9.2
Medicolegal Issues in Endodontics
Garry L. Myers
Objectives
At the end of this case, the reader should understand (i) the difference between adverse clinical events and dental negligence, (ii) what defines the ‘Standard of Care’, (iii) some basic risk management principles and (iv) the importance of dental ethics.
Introduction
A 72‐year‐old female was referred by her general dentist for a consultation to evaluate pain symptoms that had developed two months following the completion of root canal treatment on the lower left first molar (LL6).
Chief Complaint
The patient’s chief complaint was expressed as ‘I am having pain when I chew on my left side’. These symptoms had been present for six weeks (although they had briefly subsided after she had been prescribed a course of antibiotics by her dentist before the symptoms returned). She reported no spontaneous or thermal pain when she first presented to the office for the consultation.
Medical History
The patient reported that she had mild hypertension and mild kidney problems (reduced function of the kidneys). She was currently taking the medication enalapril and reported that she was allergic to sulfa drugs.
Dental History
She presented to her dentist with a toothache. After the tooth had been assessed, root canal treatment had been initiated on tooth LL6. She returned to the office three weeks later and reported that her symptoms had resolved, and therefore root canal was completed. Two months later she developed pain localised to the lower left quadrant and after a discussion she was referred to an endodontist for a specialist consultation.
Clinical and Radiographic Examination
The extraoral examination was unremarkable. The intraoral exam confirmed that the soft tissues were healthy. The LL6 was tender to percussion; there were no other signs of endodontic or periodontal disease in the lower left quadrant. The LL6 was restored with a porcelain fused to metal crown that had an access cavity restored with a composite resin restoration. Periodontal probing depths were all 2–3 mm. Teeth LL5 and LL7 responded normally to all sensibility testing.
A periapical radiograph showed that endodontic treatment had been carried out on LL6. However, the following were noted: (i) a furcation perforation was evident with obturation materials and a separated instrument in the bony furcation area down to the root apex, (ii) the mesial canals were untreated and (iii) the distal canal had been accessed, but the obturation was well short of the canal terminus (Figure 9.2.1a).

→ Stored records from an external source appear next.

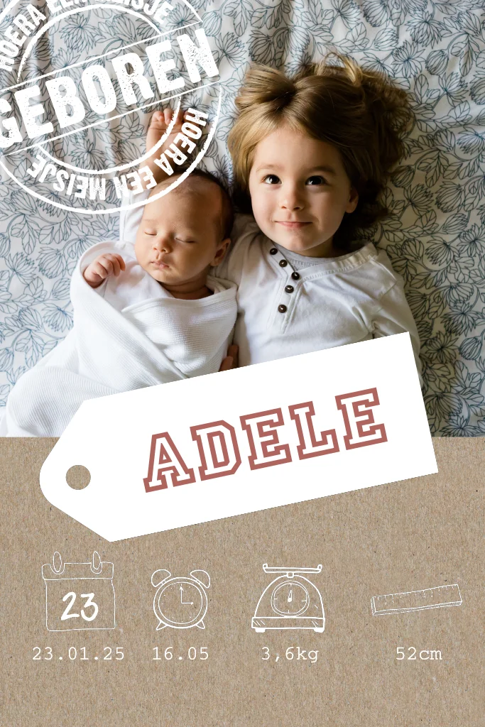 Kraft geboortekaartje voor een meisje met foto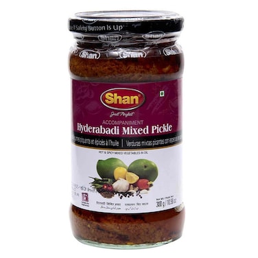 • Shan Hyderabadi Mixed Pickles is a chunky mix of sour mangoes in pickling spices.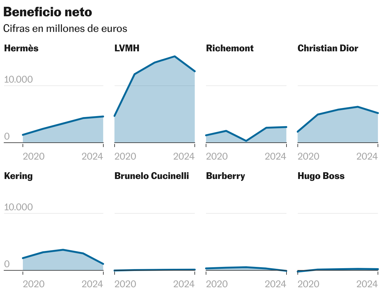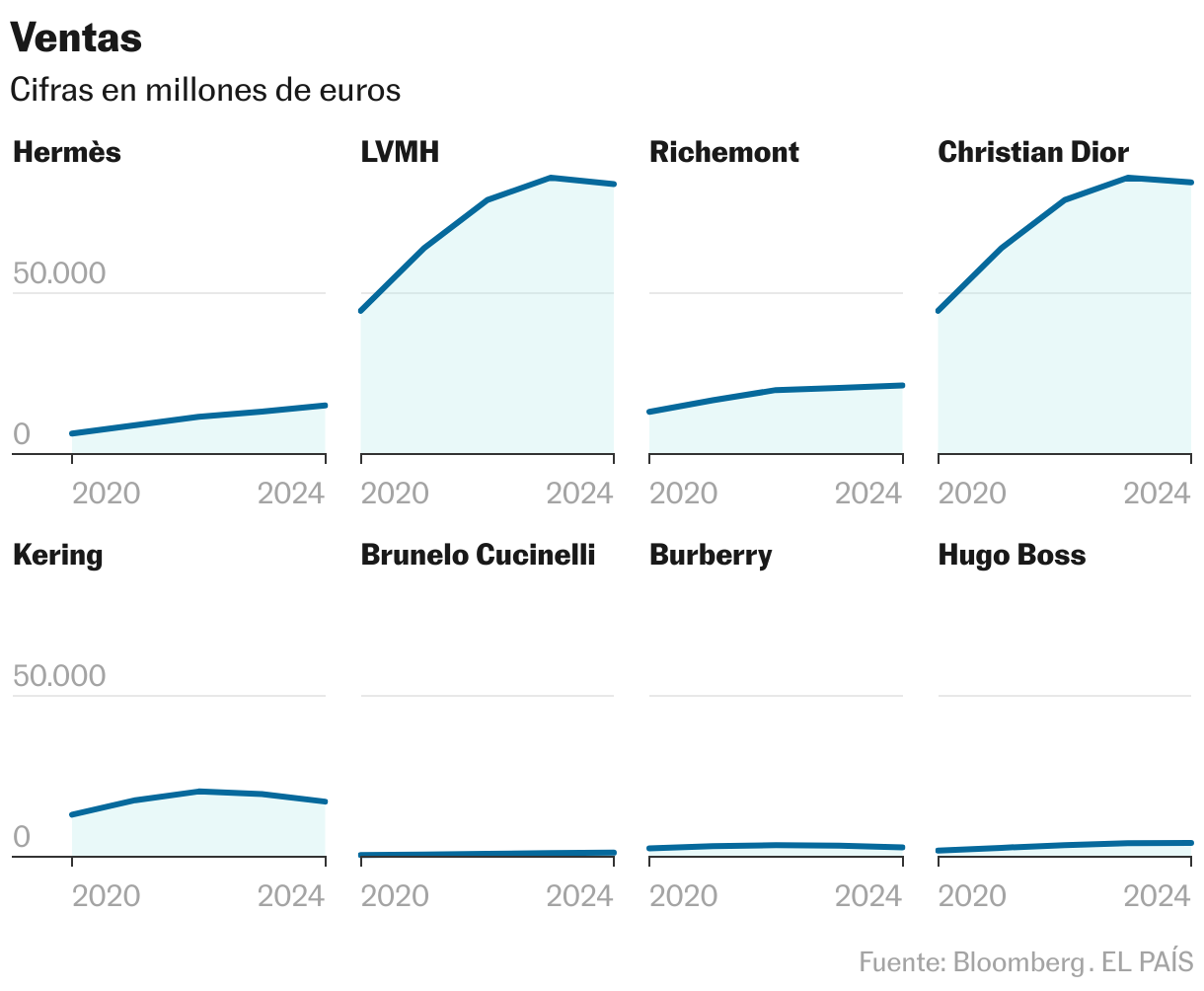 Los bienes de lujo personales (moda, marroquinería, joyería), que son el corazón del sector, sufrieron su primera contracción en 15 años, con un retroceso en 2024 del 2% en el gasto, hasta los 363.000 millones, sobre todo por la caída de la demanda de la generación Z (los nacidos a partir de 1997), más sensible al precio. Los clientes ultrarricos concentran el 40% de la cifra de negocio de las grandes marcas y refuerzan así la polarización del sector.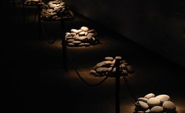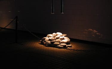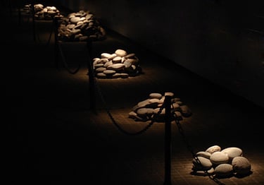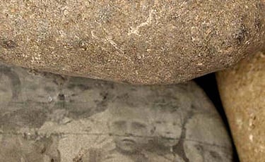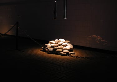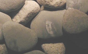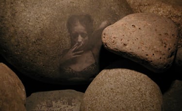 Piedras acumuladas en el piso, una luz las captura , rostros e imagenes dispersos y recordados...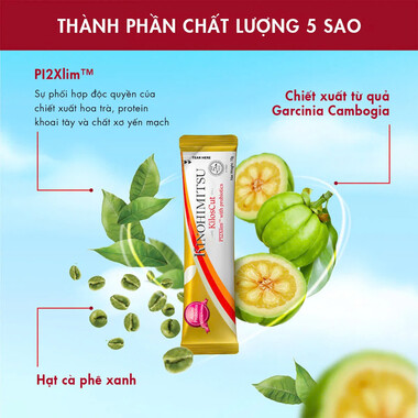 - PI2XlimTM: sự pha trộn thích hợp của chiết xuất hoa trà, chiết xuất protein khoai tây và chất xơ yến mạch giúp ngăn chặn hiệu quả sự hấp thụ chất béo và carbohydrate, giảm mỡ dưới da (mỡ bên dưới da) và mỡ nội tạng (mỡ xung quanh các cơ quan nội tạng).

On further discussion with the patient, it was evident that she was unaware of the separated instrument that had been left behind from the prior treatment. She also expressed that she was very unhappy with her dentist and that he had refunded her fees incurred for treatment provided on LL6. On review of the referral paperwork, no mention was made regarding the separated instrument from the general dentist’s endodontic treatment.
Diagnosis and Treatment Planning
What was the diagnosis?
Previously treated LL6 associated with symptomatic apical periodontitis.
The patient was informed about the separated instrument along with the furcation perforation and untreated canals. A questionable prognosis was given.
What were the treatment options?
- Non‐surgical retreatment, with the understanding that it would be unlikely that the separated instrument could be retrieved with this option.
- Surgical treatment of tooth LL6, which would include removal of the separated instrument.
- A combination of the previous two choices.
- Extraction of tooth LL6.
- No further treatment at this time, although it was mentioned that symptoms would probably not resolve on their own.
After discussing the various treatment options with the patient, non‐surgical retreatment was planned as she did not want to have the tooth extracted if at all possible.